***** Input material *****
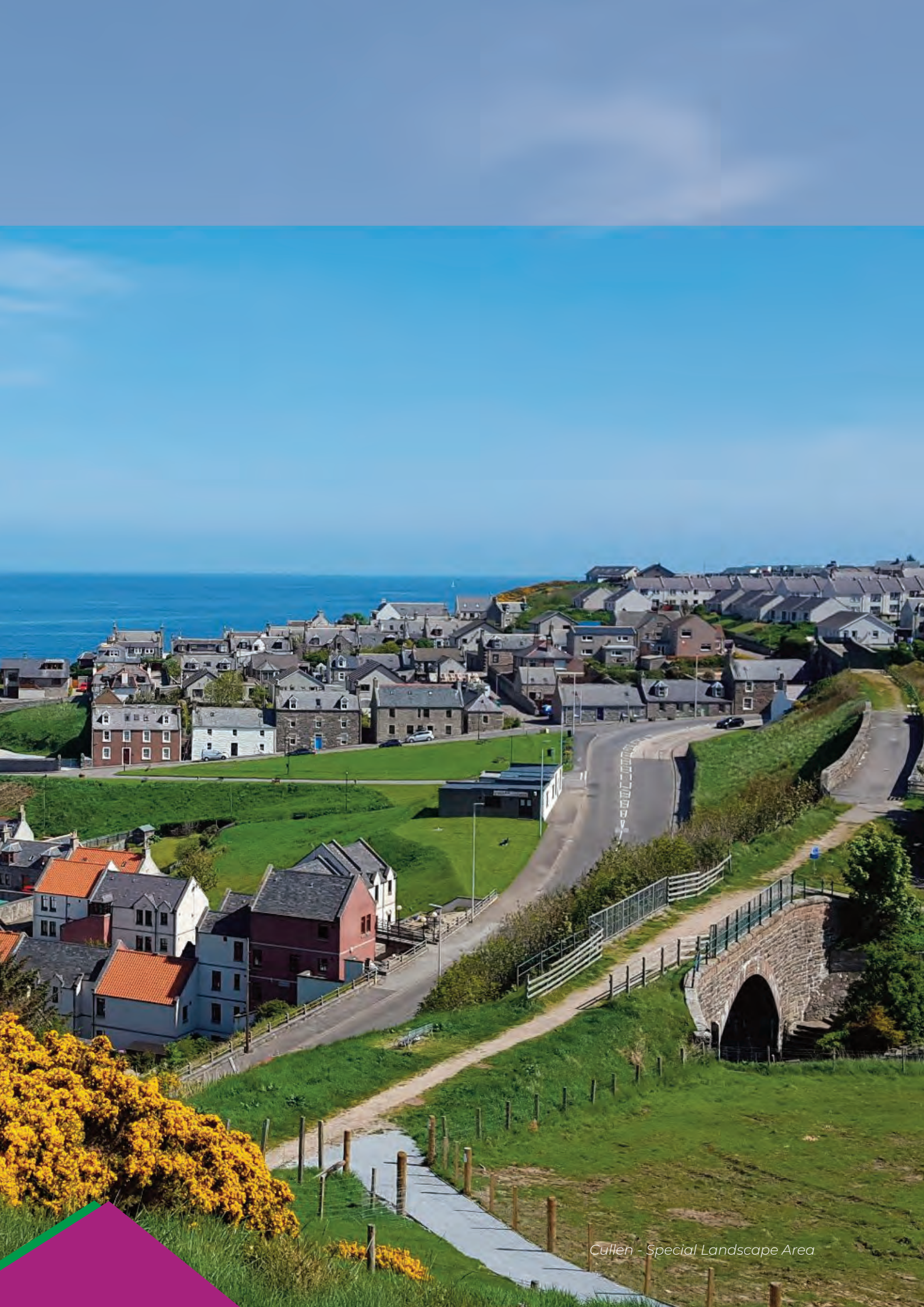
Cullen - Special Landscape Area
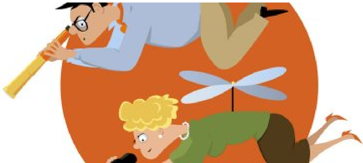
Pediatrician Q&A: Worried Sick
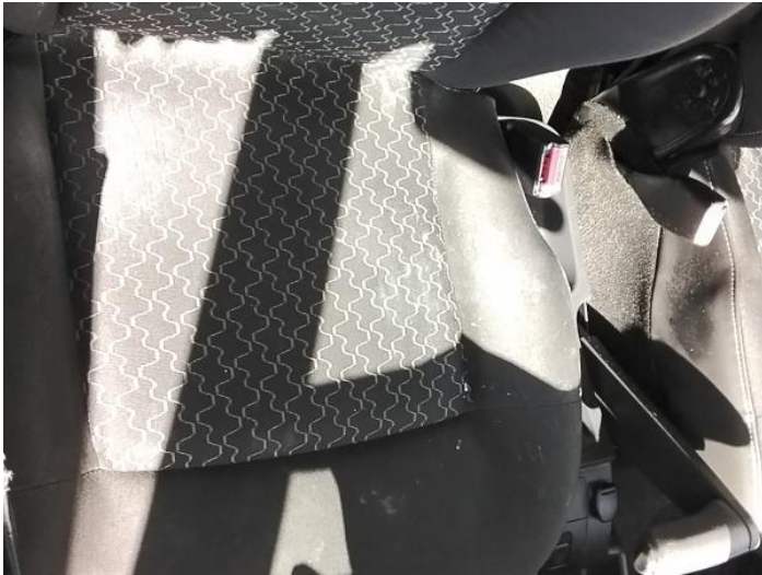
10: Seat Base Cover osf Soiled Heavy
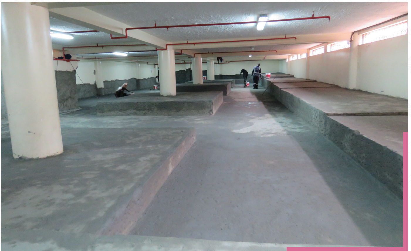
Ministry of Energy Kawi Complex Basement waterproofing
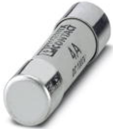
Fuse, 10.3x38 mm, up to 1000 V DC, gPV characteristics

Please be informed that the data shown in this PDF Document is generated from our Online Catalog. Please find the complete data in the user's documentation. Our General Terms of Use for Downloads are valid ( http://phoenixcontact.com/download )
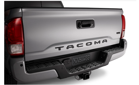
Black Tailgate Insert Badge $96.03

Enhance your connection to your Tacoma every time you shift with the TRD Shift Knob. Delivers an enhanced shifting feel while providing an impressive addition to your interior
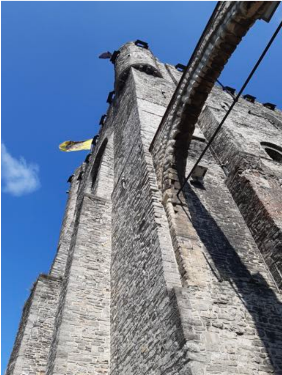
Entrance into Gravensteen Castle, Ghent
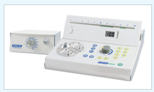
Akuport D-tec + Vistron
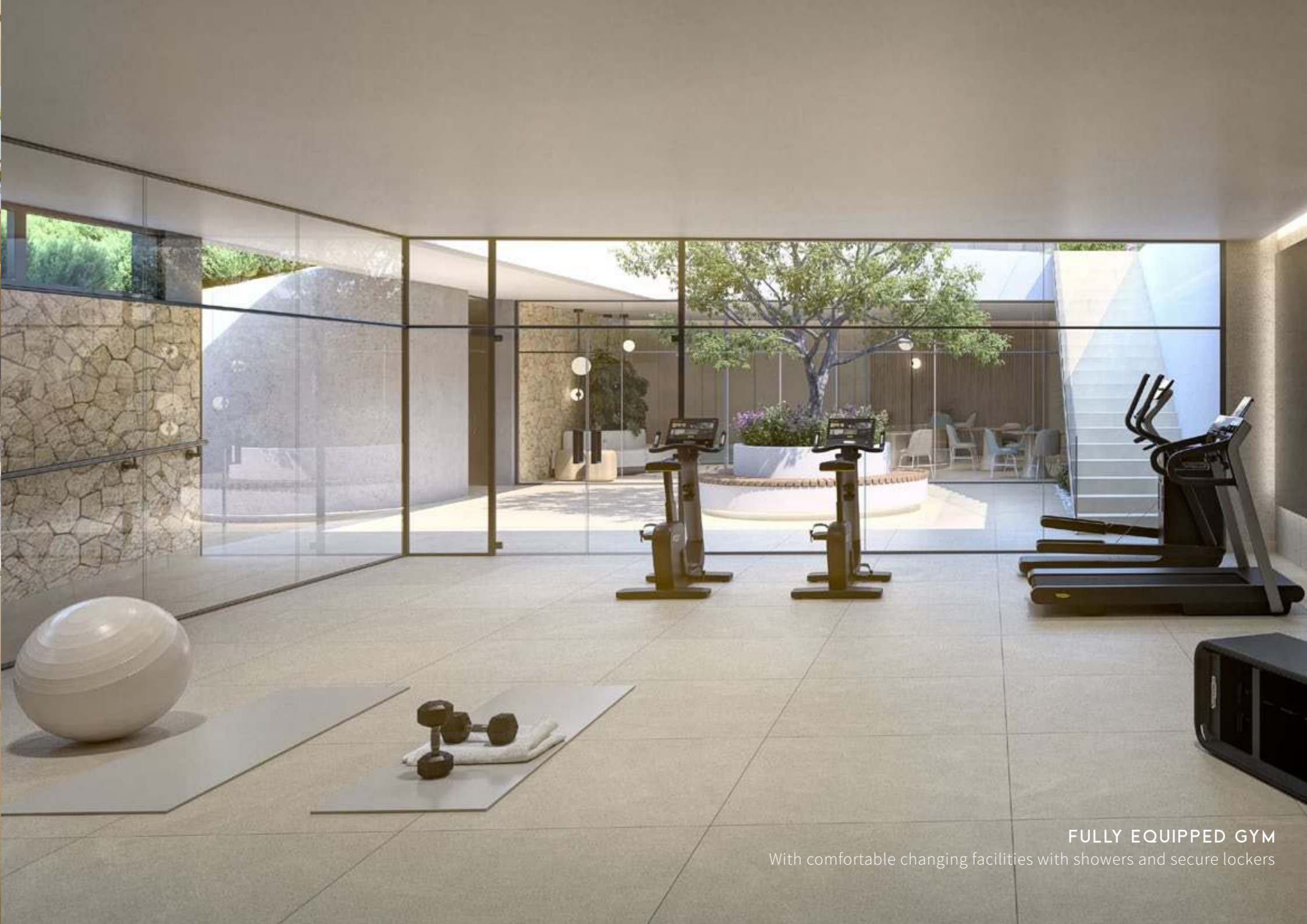
FULLY EQUIPPED GYM With comfortable changing facilities with showers and secure lockers
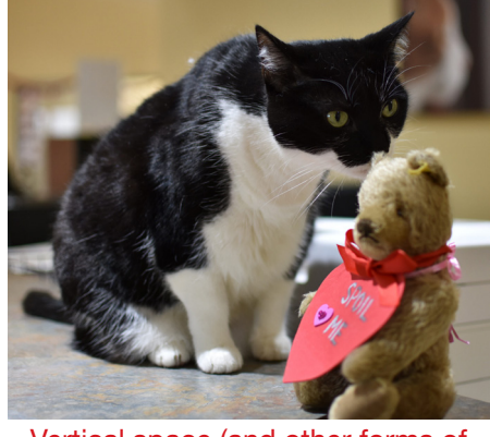
Vertical space (and other forms of spoiling) help Divya to feel loved

Cats are very three dimensional; they require vertical space to feel secure. Place cat trees in areas significant to your cat, not tucked away in corners. Likewise, scratching posts should not be hidden. Your cat is sure to love a post placed by your main entrance or between her sleeping and dining areas.
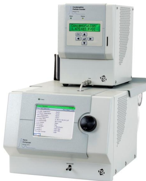
Figure 3: 1nm CPC system consisting of a Model 3777 Nano Enhancer coupled to a Model 3772 CPC

For complete specifications on the Model 3777 Nano Enhancer, 1nm-DMA, and 1nm SMPS system see the 1nm specification sheet on www.tsi.com .
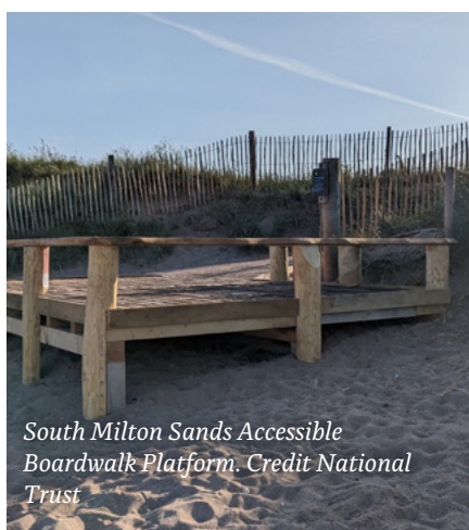
South Milton Sands Accessible Boardwalk Platform.
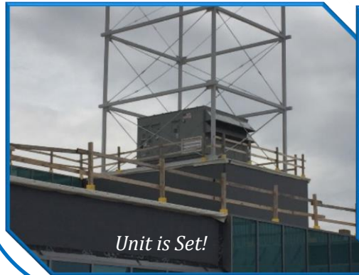
Unit is Set!
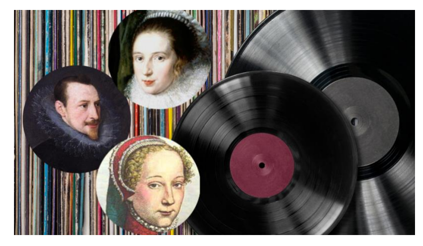
Figure 6: Image created by Jeffrey Day (UC Davis)
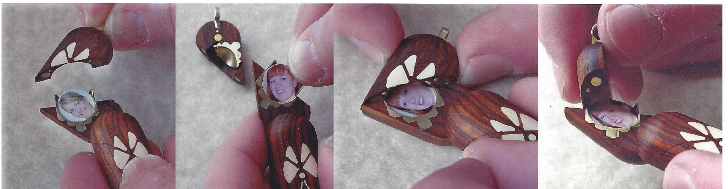
Remove old photo.
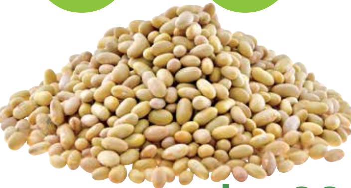
Frijol Peruano Peruvian Beans
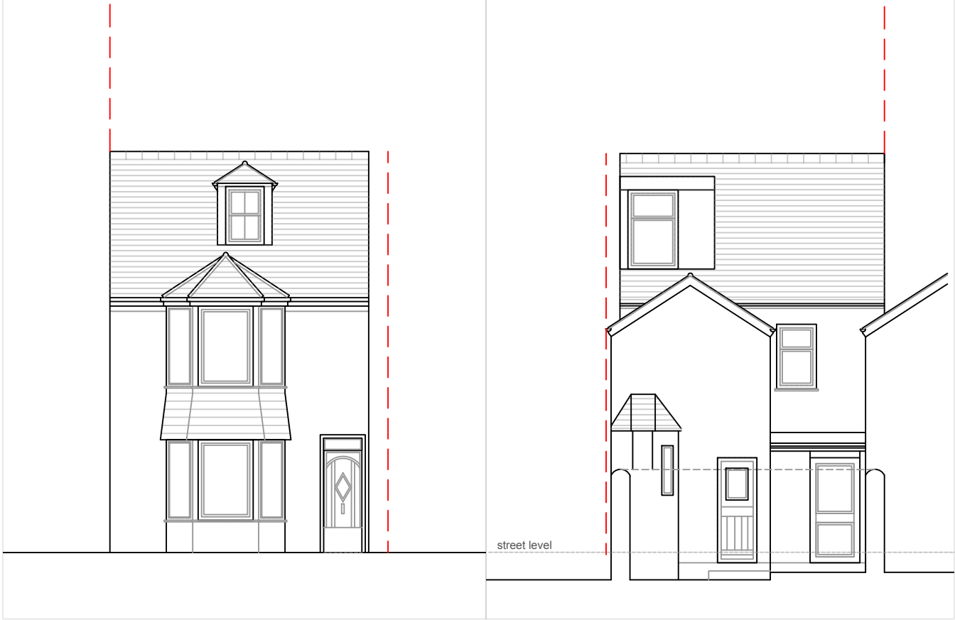
PROPOSED South East Elevation
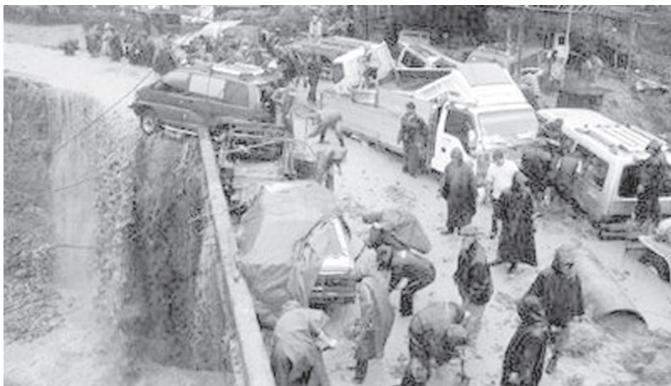
Rescuers try to recover vehicles after a landslide caused by rains from tropical storm Parma in La Trinidad, Benguet, north of Manila on 8 October, 2009. A week of relentless rains in the northern Philippines have put dozens of towns and villages under water, with more than 100 people drowned or killed by landslides, officials said.
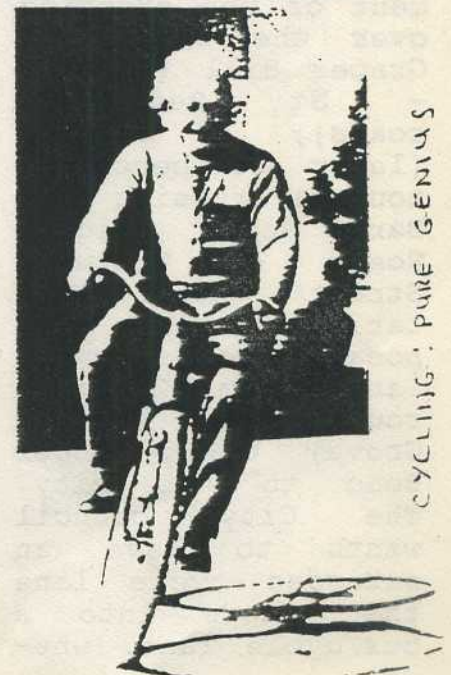
CYCLING: PURE GENIUS

has ranged from planning issues (eg Oak Street Guidelines, where we are pleased to hear that all our suggestions have now been accommodated within the document), to matters of detailed design (eg the road markings on Farmers Avenue have been altered at our suggestion).
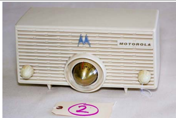
2. Motorola / 56H (White) AM set; circa 1955; 5-tube; unique "Bullet" dial; Coleman
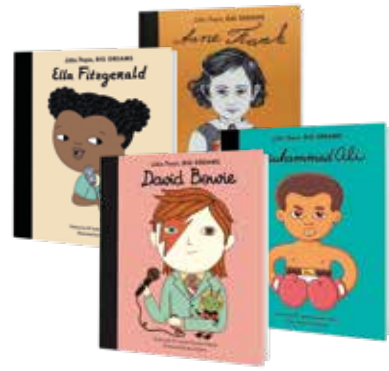
Inspirational bedtime stories. Little People, Big Dreams books, from £5.99, waterstones.com
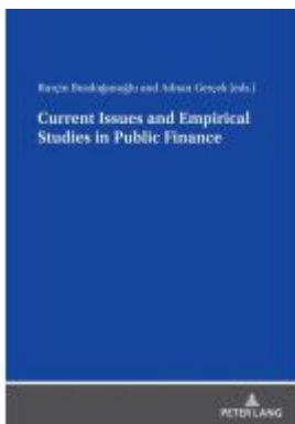
Current Issues and Empirical Studies in Public Finance Ladenpreis: 84,30EUR
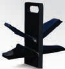
6-Way Wedge #P600
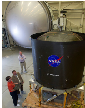
2.4 meter tank arrives at MSFC for inspection and testing
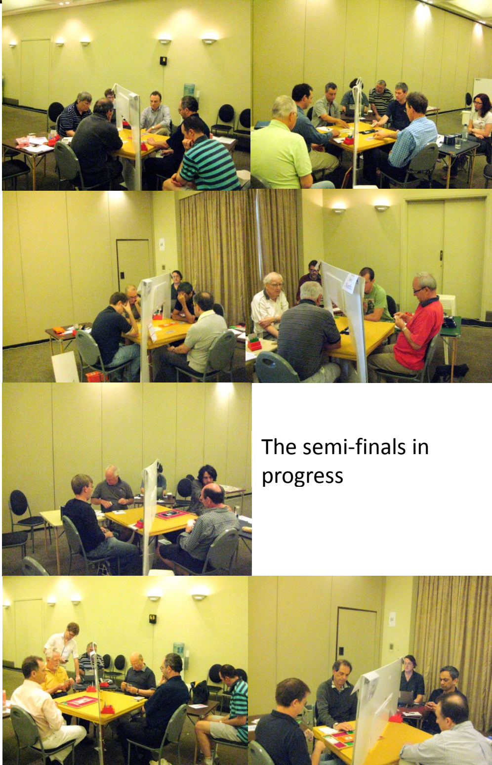
The semi-finals in progress
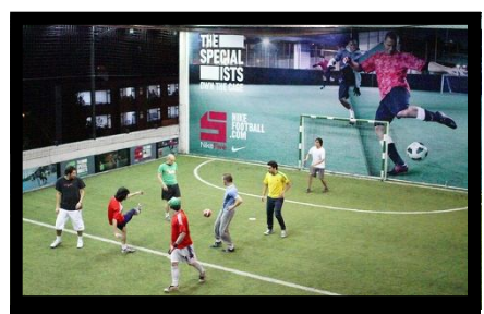
Nike emblazoned a soccer pitch in Bogota, Columbia with a massive soccer billboard for players to enjoy
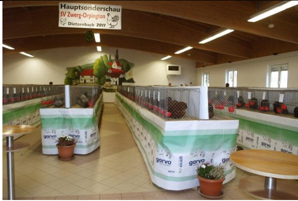
Figure 7 The Show Hall @HSS Orpington Show in 2011. Featuring some world class Bantam Orpingtons! More pics to follow but for now just a few tasters- Thanks to Bent Neilson for these information and photography
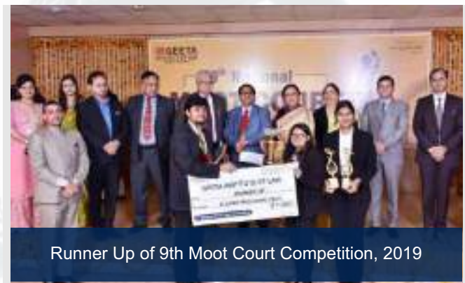
Runner Up of 9th Moot Court Competition, 2019
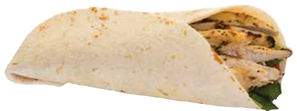
Sliced Cajun breast fillet
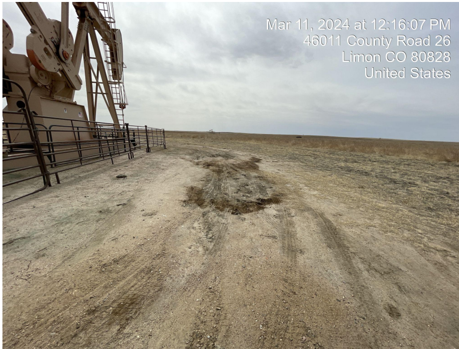
Photo 7. Photo taken facing west of stained soil next to pumpjack.
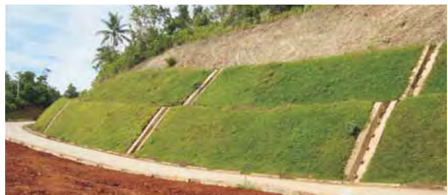
Reinstated slope after 3 months.

Envirocell® is a registered trademark of TenCate.
*****
Assignment
Reproduce word for word only the lines between the line containing "6-Way Wedge #P600" and the end of the listing above, both included, and drop any pictures.

Result below
6-Way Wedge #P600
2.4 meter tank arrives at MSFC for inspection and testing
The semi-finals in progress
Nike emblazoned a soccer pitch in Bogota, Columbia with a massive soccer billboard for players to enjoy
Figure 7 The Show Hall @HSS Orpington Show in 2011. Featuring some world class Bantam Orpingtons! More pics to follow but for now just a few tasters- Thanks to Bent Neilson for these information and photography
Runner Up of 9th Moot Court Competition, 2019
Sliced Cajun breast fillet
Photo 7. Photo taken facing west of stained soil next to pumpjack.
Reinstated slope after 3 months.

Envirocell® is a registered trademark of TenCate.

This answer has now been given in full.